Wednesday was cruise night on Van Nuys Boulevard and we'd drive from Victory all the way to Ventura Boulevard, hang a u-turn in the Lucky Market parking lot, and head north again among the spiffy jacked-up Fords and Chevys, watching girls as they strolled the sidewalks in their headbands, vinyl boots, and miniskirts, leaning on the horn and speeding between the red lights.
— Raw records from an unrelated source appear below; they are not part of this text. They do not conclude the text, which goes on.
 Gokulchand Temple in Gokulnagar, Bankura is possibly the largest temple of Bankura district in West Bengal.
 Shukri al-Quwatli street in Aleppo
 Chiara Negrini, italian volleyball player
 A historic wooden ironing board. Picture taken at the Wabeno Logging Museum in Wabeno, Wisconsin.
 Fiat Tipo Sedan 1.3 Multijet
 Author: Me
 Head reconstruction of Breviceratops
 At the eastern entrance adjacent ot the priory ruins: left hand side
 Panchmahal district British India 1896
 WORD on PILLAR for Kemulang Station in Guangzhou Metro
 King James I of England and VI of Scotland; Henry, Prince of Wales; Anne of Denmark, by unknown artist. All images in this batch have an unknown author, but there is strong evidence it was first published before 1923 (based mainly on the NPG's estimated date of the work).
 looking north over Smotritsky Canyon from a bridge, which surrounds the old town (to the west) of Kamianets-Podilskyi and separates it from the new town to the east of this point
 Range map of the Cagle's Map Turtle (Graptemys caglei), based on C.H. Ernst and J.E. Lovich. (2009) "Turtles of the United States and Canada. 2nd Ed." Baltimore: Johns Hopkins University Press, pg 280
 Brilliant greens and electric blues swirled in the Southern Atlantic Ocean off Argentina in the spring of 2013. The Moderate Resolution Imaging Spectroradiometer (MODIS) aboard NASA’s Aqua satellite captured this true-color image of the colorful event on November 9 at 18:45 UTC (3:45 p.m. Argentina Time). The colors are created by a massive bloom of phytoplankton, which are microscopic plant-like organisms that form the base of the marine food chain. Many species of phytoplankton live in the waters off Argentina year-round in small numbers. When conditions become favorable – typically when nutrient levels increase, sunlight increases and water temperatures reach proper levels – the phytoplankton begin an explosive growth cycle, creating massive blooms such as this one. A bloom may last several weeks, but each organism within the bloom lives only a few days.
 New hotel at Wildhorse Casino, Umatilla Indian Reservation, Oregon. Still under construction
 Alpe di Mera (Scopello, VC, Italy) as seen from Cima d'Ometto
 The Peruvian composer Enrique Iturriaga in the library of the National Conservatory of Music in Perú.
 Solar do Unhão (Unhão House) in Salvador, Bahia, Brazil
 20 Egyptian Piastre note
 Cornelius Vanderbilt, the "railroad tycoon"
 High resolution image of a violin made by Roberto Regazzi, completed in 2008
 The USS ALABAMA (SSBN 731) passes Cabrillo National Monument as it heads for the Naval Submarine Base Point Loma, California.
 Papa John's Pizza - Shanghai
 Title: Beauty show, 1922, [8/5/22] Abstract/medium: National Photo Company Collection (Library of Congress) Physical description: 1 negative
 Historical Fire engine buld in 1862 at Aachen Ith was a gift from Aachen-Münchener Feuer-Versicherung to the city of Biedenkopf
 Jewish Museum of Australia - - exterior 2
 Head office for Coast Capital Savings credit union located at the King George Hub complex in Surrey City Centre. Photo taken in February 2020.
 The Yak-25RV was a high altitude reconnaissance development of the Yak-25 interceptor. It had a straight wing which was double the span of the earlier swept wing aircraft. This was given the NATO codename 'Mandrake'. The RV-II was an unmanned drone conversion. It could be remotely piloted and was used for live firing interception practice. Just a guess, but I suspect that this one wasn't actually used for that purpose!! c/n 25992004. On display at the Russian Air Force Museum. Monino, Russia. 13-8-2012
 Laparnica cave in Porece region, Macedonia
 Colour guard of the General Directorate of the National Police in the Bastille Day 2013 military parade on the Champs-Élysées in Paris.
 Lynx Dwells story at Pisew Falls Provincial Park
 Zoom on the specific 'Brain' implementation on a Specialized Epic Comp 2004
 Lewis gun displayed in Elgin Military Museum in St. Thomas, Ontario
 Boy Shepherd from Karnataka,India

If we had more than three of us, we'd screech to a stop at the light and conduct what we called a "Chinese Fire Drill". The idea was to exit from the closest door, run around the car like madmen until the light turned green, then race back into the car and lurch off for the next street along the way, Jim Morrison's voice belting out "People are strange...", or the stereo booming out the Vanilla Fudge version of "Ticket to Ride"... or Jagger's "Ruby Tuesday".
One time Matt, hobbled by a broken leg, lumbered around the Falcon with his leg in a cast, the cops just behind us on Reseda Boulevard. Good old Matt. He had a spare steering wheel, which he held up as he screamed hysterically from the driver's seat while one of us wrangled the car surreptitiously.
When we tired of the slapstick, we sat in Bob's Big Boy, spooning down thick chocolate milkshakes, or we took a carload of chums over to Farrell's Ice Cream on Reseda where the waiters threw your own gluttony parade with horns and bass drum if you powered down a two-person serving of sundae, appropriately known as "The Trough".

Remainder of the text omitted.